For the SNP rs55742290 located in ARL6IP4 gene, it was genome-wide significantly associated with the risk of SCZ. In addition, the SCZ risk allele [C] of SNP rs55742290 in ARL6IP4 gene was also associated with decreased DNAm levels of the cg00376283 site in ABCB9. Moreover, rs55742290 was also the top eQTL in blood; the C allele of this SNP is associated with the high expression levels of C12orf65 gene. Using the SMR method, our results suggested that the C allele of rs55742290 potentially upregulates the transcription of C12orf65 by reducing the methylation level at cg00376283. Subsequently, using Haploreg v4 database [30], we found that the risk SNP rs55742290 located in promoter region and might affect the binding of the transcription initiation complex, resulting in dysregulation of gene expression. Moreover, we found that the SCZ risk allele [C] of SNP rs55742290 was also associated with dysfunction of cognitive performances using several public GWAS databases. Leveraging all the information above, we proposed a potential mechanism in which the risk allele [C] of genetic variant rs55742290 at the promoter of ARL6IP4 gene decreased the DNAm level of cg00376283, which disrupts the binding of repressor(s), increasing the expression of the C12orf65 gene, affecting cognitive performances and increasing the risk of SCZ (Fig. 3).

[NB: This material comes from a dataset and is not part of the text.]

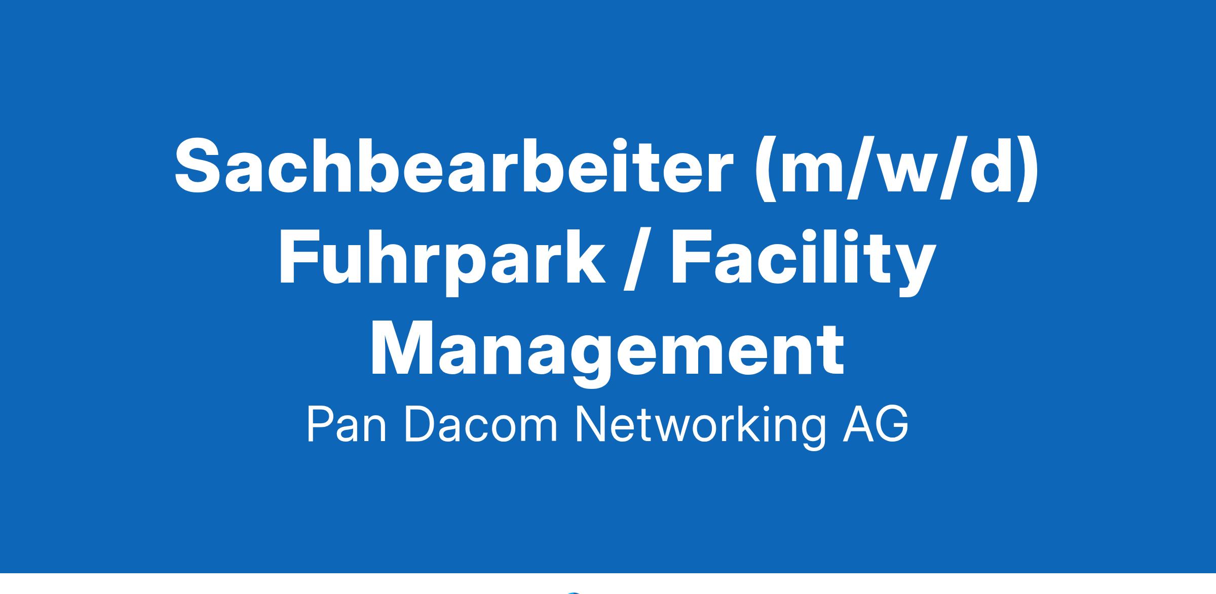 Sachbearbeiter (m/w/d) Fuhrpark / Facility ManagementDreieich | VollzeitAls international agierendes IT-Systemhaus und technologisch führender Hersteller mit eigener Hard- und Softwareentwicklung in Deutschland verfügt die Pan Dacom Gruppe über ein langjähriges IT-Know-how, um komplexe Netzwerke zu planen und zu realisieren. Hervorragender Service, technologische Innovationen, langfristige Partnerschaft mit unseren Kunden und Mitarbeitern sind für unser Unternehmen von strategischer Bedeutung.Wir suchen dich! Werde ein Teil unseres Erfolgsteams!Deine Aufgaben:Du bist für die vollumfängliche Verwaltung des Fahrzeugbestandes zuständig, einschließlich Anschaffung, Verkauf und Leasing von Fahrzeugen sowie das Vertragsmanagement

Intriguingly, the risk SNP rs7293091 share similar mechanism, that is, the risk genetic variant rs7293091 affects DNAm levels, dysregulates expression of nearby genes, disrupts cognitive performance, and increases the risk of SCZ. Notably, in the previous SCZ GWAS [1], the SNP rs7293091 in CENPM gene was not genome-wide significantly associated with SCZ (P = 5.33 × 10−8). It might not be found in previous GWAS owing to the lack of power. Our SMR analysis identified this novel functional SNP rs7293091. Hence, the SMR method has identified some of the missing heritability of GWAS data and might contribute to the identification of new genetic factors underlying SCZ.
At the RERE locus, we detected one DNAm site, cg00546117, tagging RERE that was significantly associated with SCZ. The CpG site cg00546117 is in the enhancer regions of the RERE gene according to chromatin state annotations from the Haploreg v4 database [30]. In SMR analysis, the regression coefficient of SCZ on DNAm was − 0.06, indicating that a genetic increase in log2 transformed DNAm of RERE by one standard deviation decreased SCZ by 0.06 standard deviation. Furthermore, the SNP rs3765971 affected expression levels of the RERE gene in both blood and brain tissues. Moreover, expression levels of the RERE gene in the brain were relatively high across developmental stages. The risk allele C of SNP rs3765971 was significantly associated with smaller hippocampal volume and longer reaction time, in accordance with the conventional view that risk alleles generally lead to smaller hippocampal volume and poorer cognition. Taking all the evidence together, we hypothesize a potential mechanism in which the risk allele C of the genetic variant rs3765971 in the RERE gene decreases DNAm levels, upregulates expression of the RERE gene, disrupts cognitive performance, and therefore, increases the risk of SCZ.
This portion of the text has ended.